**Data for this task**
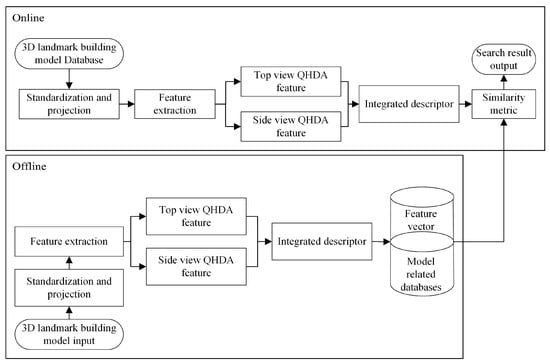 Consistent with common 3D models, 3D landmark building model retrieval can be divided into two distinct stages: online retrieval and offline retrieval, as depicted in Figure 4.
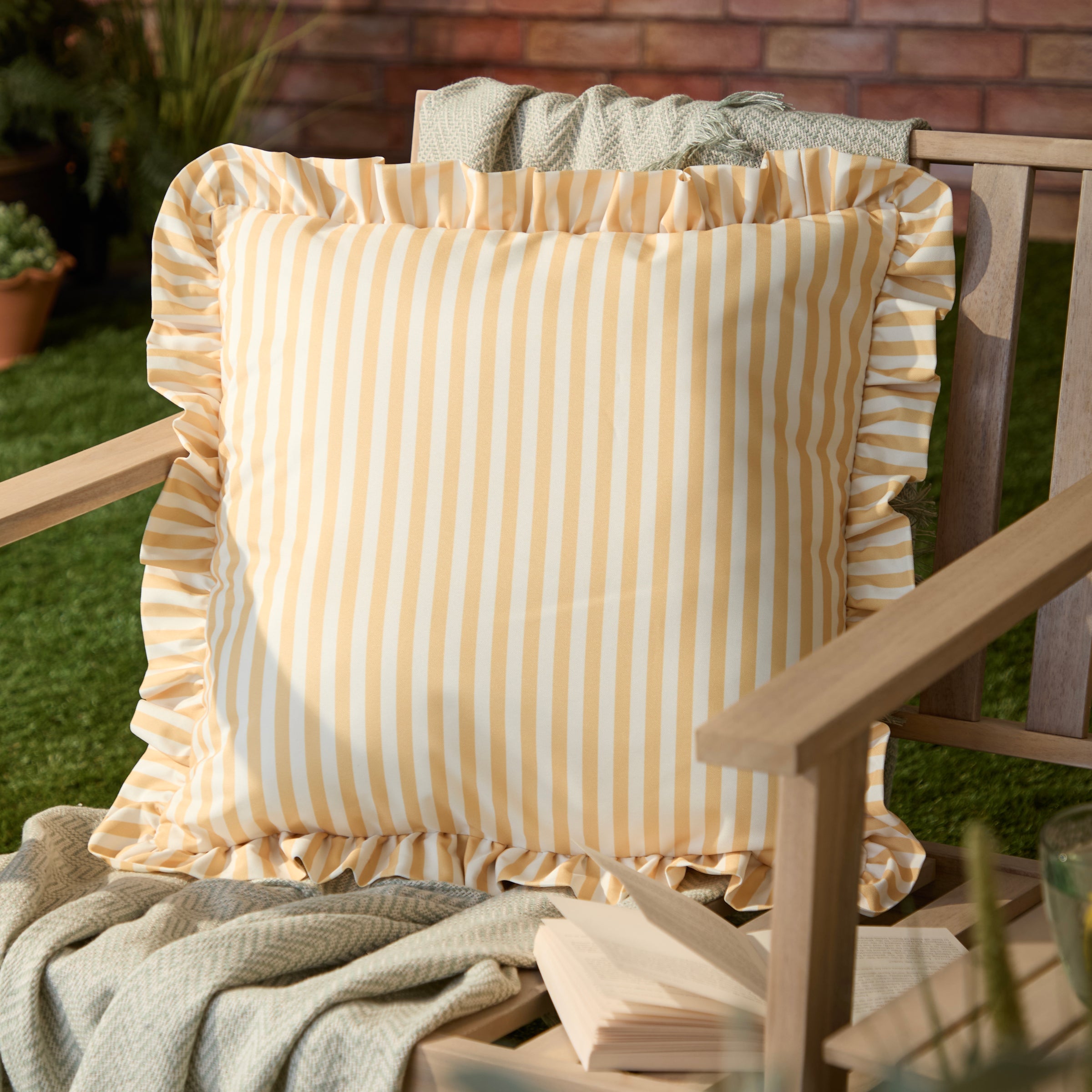 Millie Ruffle Striped Outdoor Cushion Yellow
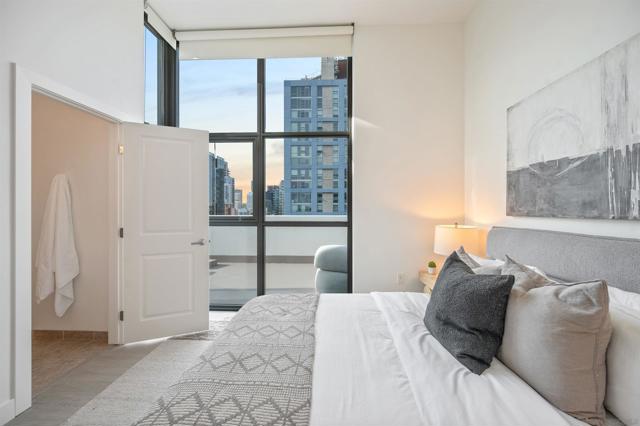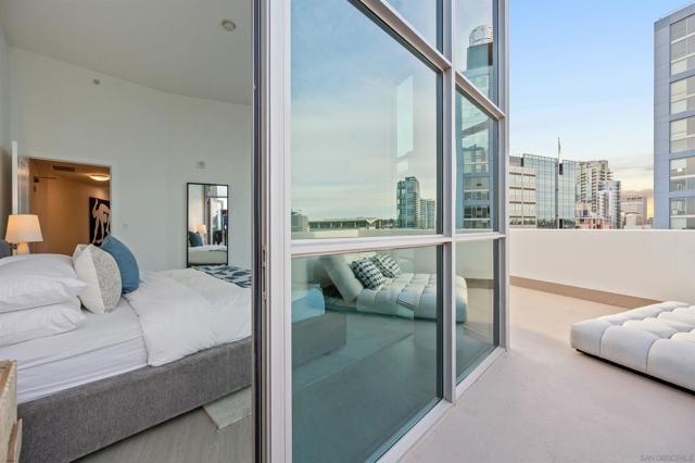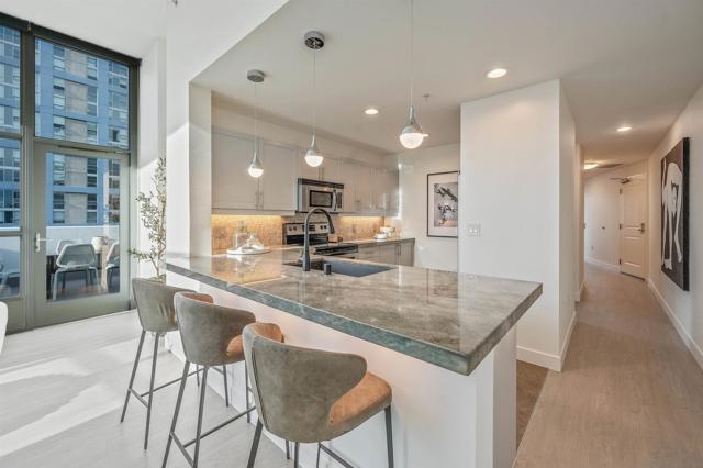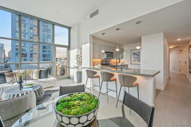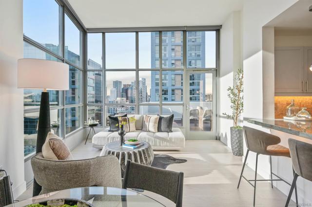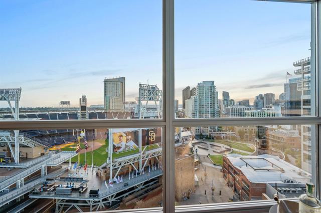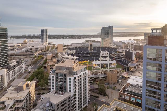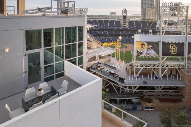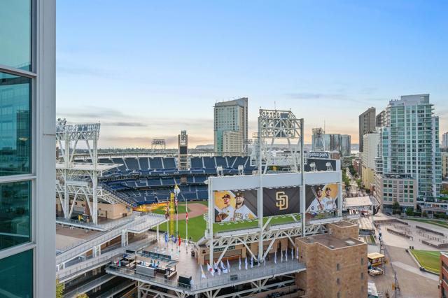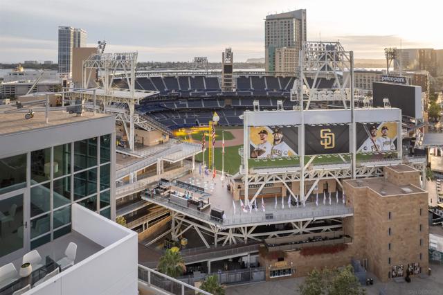 Penthouse with iconic Home Plate views—watch the Padres from your living room or your expansive private balcony. This 2 bed, 2 bath, 1,129 sq ft corner residence spans an entire side of the building, showcasing panoramic West, North, and East exposures with skyline and water views from Point Loma to Coronado. Enjoy incredible natural light through 14-foot floor-to-ceiling windows, along with newer flooring, fresh paint, and a remodeled kitchen. The unit offers rare privacy with only one shared wall, plus in-unit laundry, two prime P1 parking spaces by the elevator, and two private storage units. The oversized balcony is exclusive to the unit—not a shared space. Whether you are entertaining, relaxing, or catching a game from home, this penthouse delivers a truly unique Downtown lifestyle.
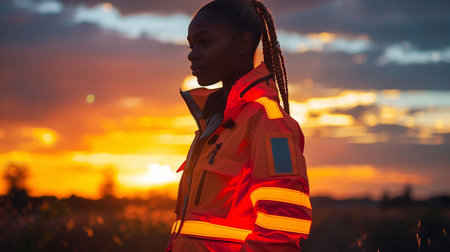 A person stands in reflective gear against a vibrant sunset, surrounded by open fields at dusk
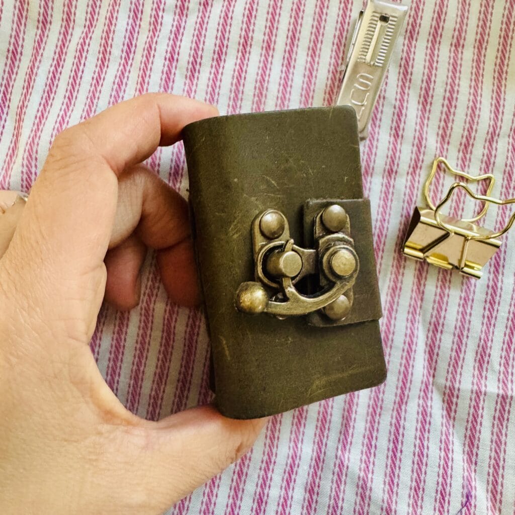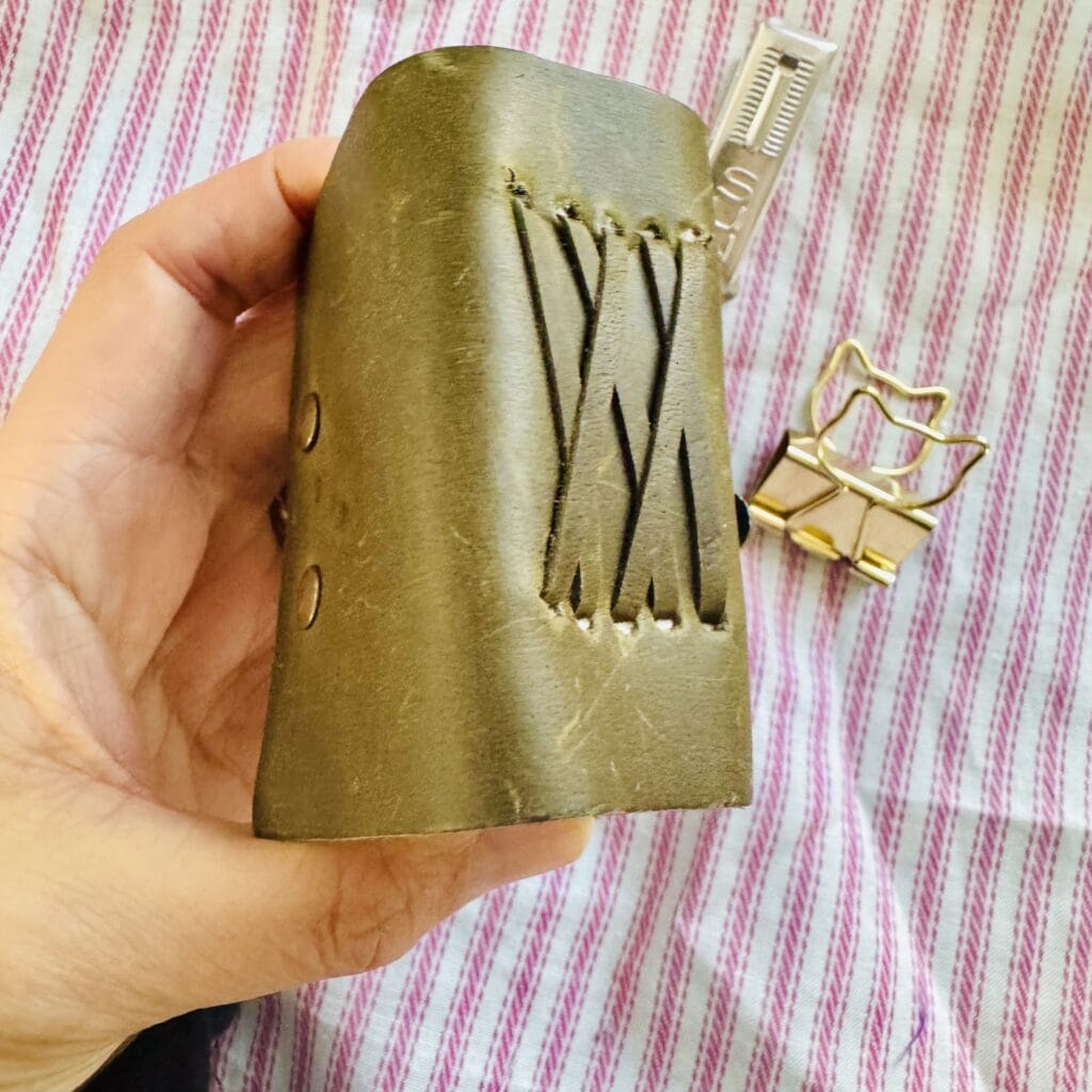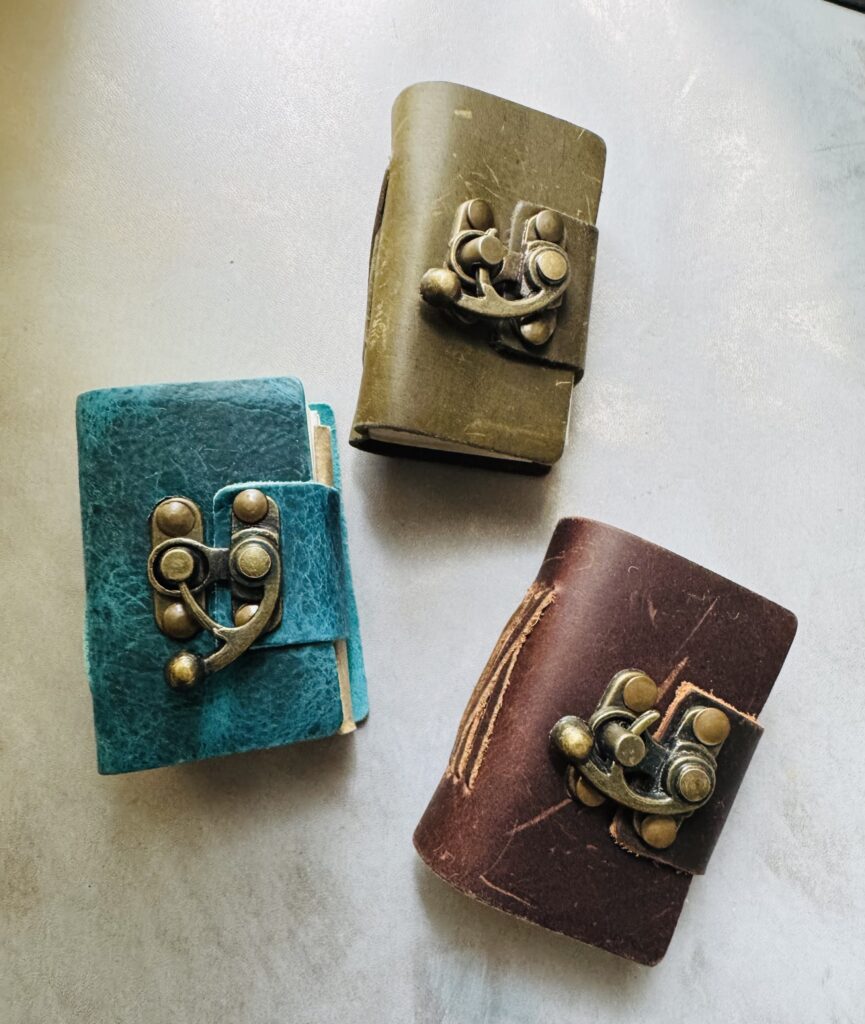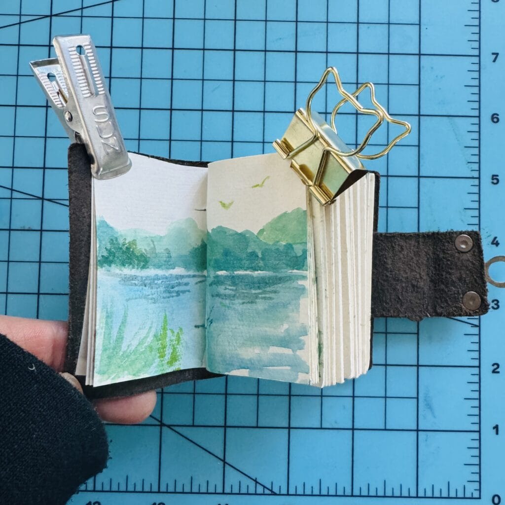 使い込むうちに味が出そうななめし革。紙は水彩画に良さそうな感じ。分冊状のスケッチブックを革紐で留めてあります。
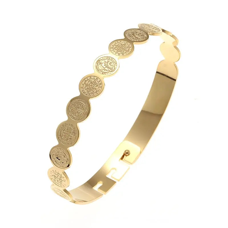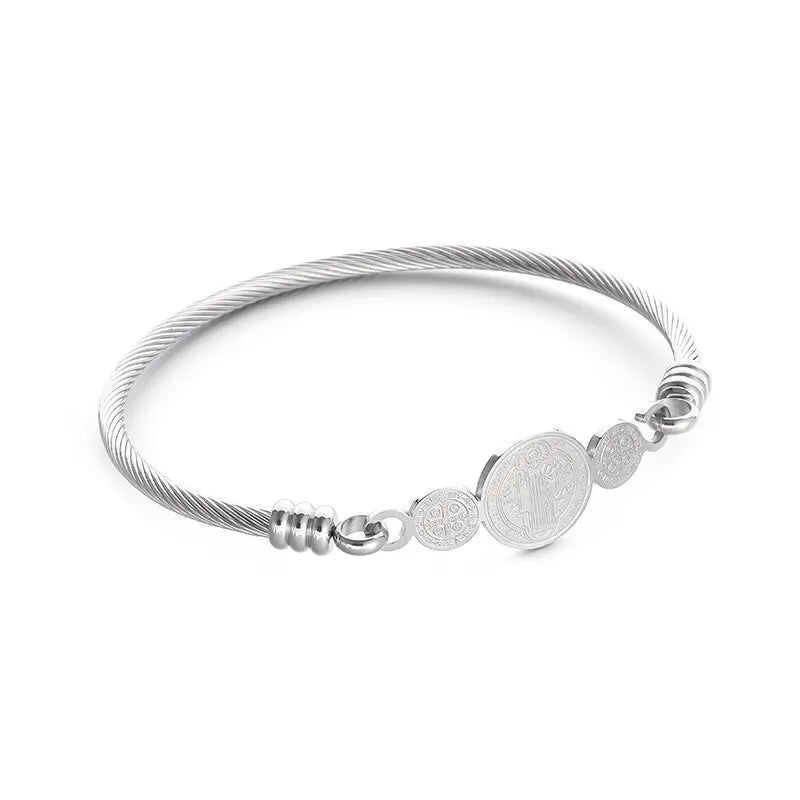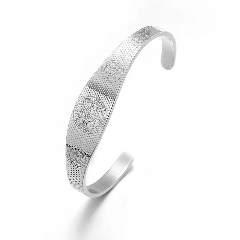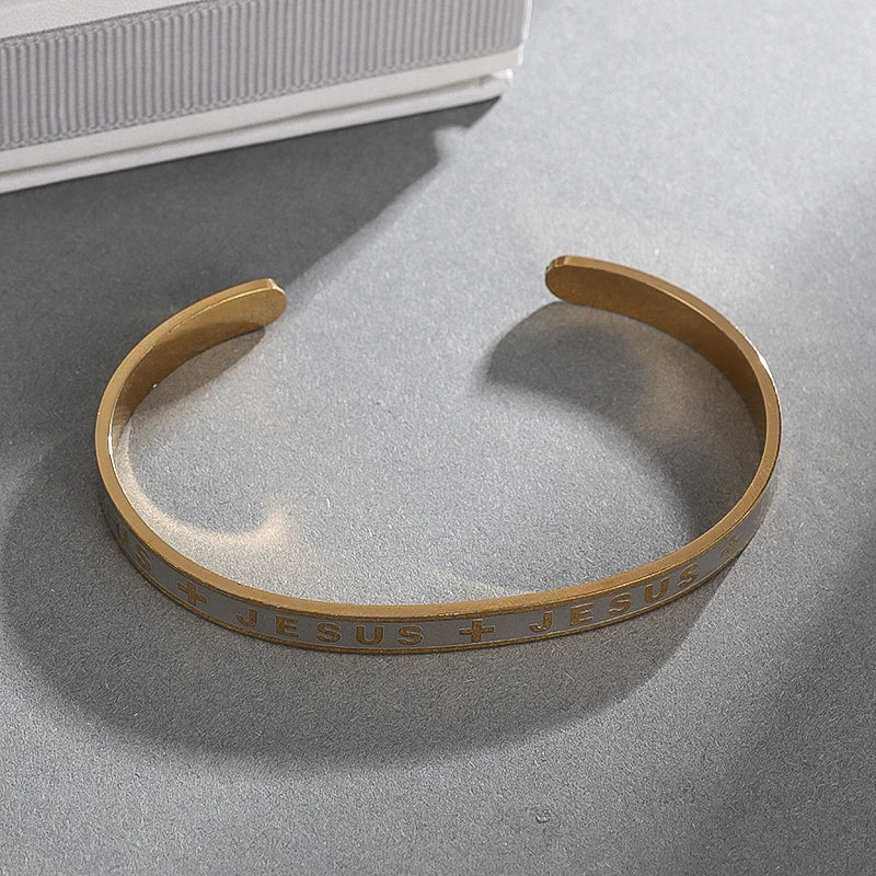Stainless Steel Cross Jesus Alphabet Bracelet for Men Religious Prayer Bracelet Christian Cross Cuff Baptism Faith Jewelry
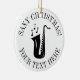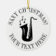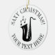 Presente feito sob encomenda do ornamento da árvore de Natal do saxaphone. Adicione sua própria imagem da foto na parte traseira opcionalmente. O instrumento do saxofone com notas projeta e modelo à moda da tipografia para o nome e a data. Lembrança personalizada bonita por primeiros feriados do Natal. Personalize a cor do fundo. Corda Dourado do brilho incluída. Decorações feitas sob encomenda do xmas para o saxofonista, o jogador de saxofone, o músico, o professor de música, a banda, o amigo, o marido, o pai etc. boas festas!
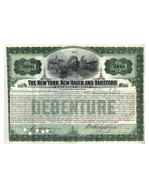 Obligation de 5000$ émise à New Haven, Connecticut 1907
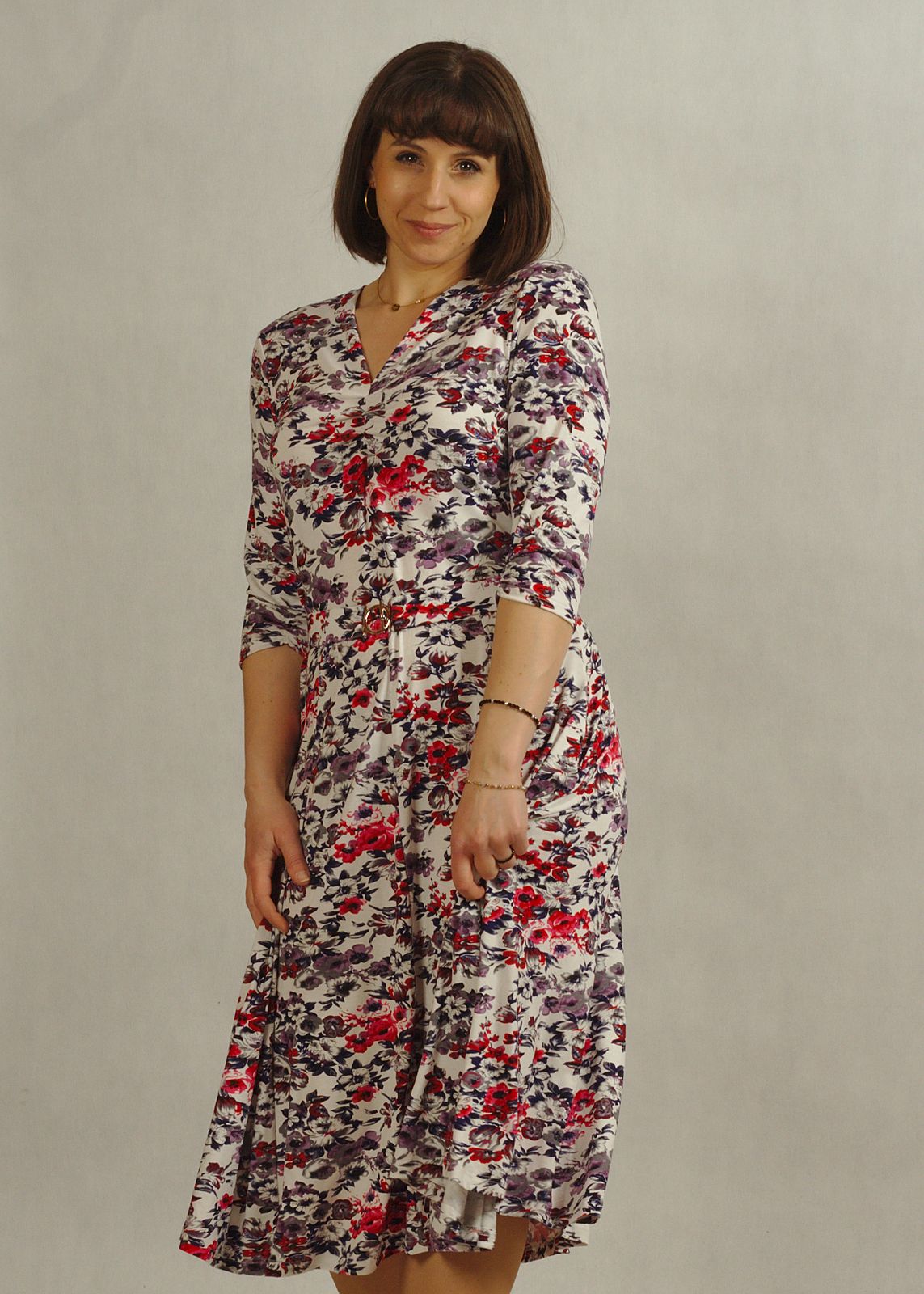 Ecru sukienka w kwiaty to wyjątkowa propozycja dla kobiet ceniących wygodę i elegancję.
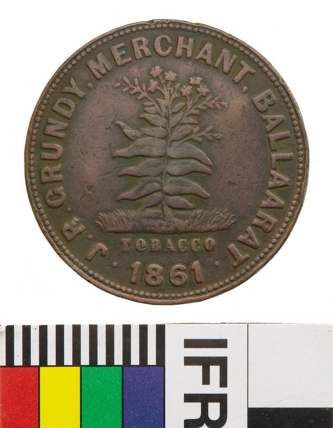 Obverse: J.R. GRUNDY MERCHANT BALLAARAT 1861 TOBACCO Reverse: INDUSTRIA ET FIDES OMNIA VINCENT VICTORIA ADVANCE AUSTRALIA

**Your instructions**
Line for line, output the entries above from the line with "A person stands" to the line with "Presente feito sob", both included, and nothing more. Skip pictures.

**Task response**
 A person stands in reflective gear against a vibrant sunset, surrounded by open fields at dusk
 使い込むうちに味が出そうななめし革。紙は水彩画に良さそうな感じ。分冊状のスケッチブックを革紐で留めてあります。
Stainless Steel Cross Jesus Alphabet Bracelet for Men Religious Prayer Bracelet Christian Cross Cuff Baptism Faith Jewelry
 Presente feito sob encomenda do ornamento da árvore de Natal do saxaphone. Adicione sua própria imagem da foto na parte traseira opcionalmente. O instrumento do saxofone com notas projeta e modelo à moda da tipografia para o nome e a data. Lembrança personalizada bonita por primeiros feriados do Natal. Personalize a cor do fundo. Corda Dourado do brilho incluída. Decorações feitas sob encomenda do xmas para o saxofonista, o jogador de saxofone, o músico, o professor de música, a banda, o amigo, o marido, o pai etc. boas festas!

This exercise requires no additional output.